On pourrait croire qu'il est bien tôt pour écrire cette histoire. Mais les communications officielles sont si nombreuses, les différents partis dans leurs incessantes controverses, ont été obligés d'expliquer si souvent leur position et de la justifier par des preuves; tant de biographies, de correspondances et de mémoires ont été publiés, que ce ne sont pas les informations qui manquent. La difficulté est d'éviter la partialité. Cependant, l'obstacle n'est pas insurmontable. Il suffit, pour le vaincre, de suivre une méthode rigoureusement chronologique; d'avancer pas à pas en s'efforçant d'expliquer l'enchaînement de tous les faits, et enfin d'alléguer continuellement ses sources. Si, malgré ces précautions, il arrive que l'historien se trompe, le lecteur peut du moins découvrir facilement le motif de son erreur, la corriger et acquérir l'assurance que de nouvelles publications pourront éclairer davantage certains détails du récit, mais ne s'écarteront guère, sur aucun point essentiel, des données qui lui ont été fournies.

C'est précisément le programme que s'est tracé M. Debidour, et son œuvre, dans ses grandes lignes, permet au lecteur de se faire une connaissance très sûre de ce récent passé.

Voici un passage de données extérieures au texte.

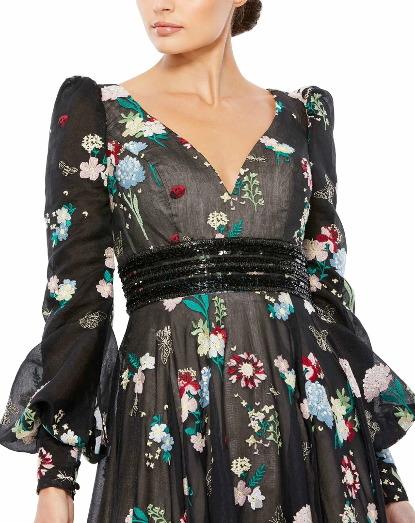 Floral embroidered long sleeved maxi gown accented with a beaded belt.

On peut seulement regretter que son livre ressemble moins à un livre d'histoire qu'à un réquisitoire. Comme un parfait réquisitoire l'ouvrage est lumineux, bien divisé, justement équilibré dans ses développements. Il est démonstratif par l'abondance et l'heureux choix des documents. Il est éloquent, d'une éloquence qui rappelle celle de Waldeck-Rousseau et de Paul Bert.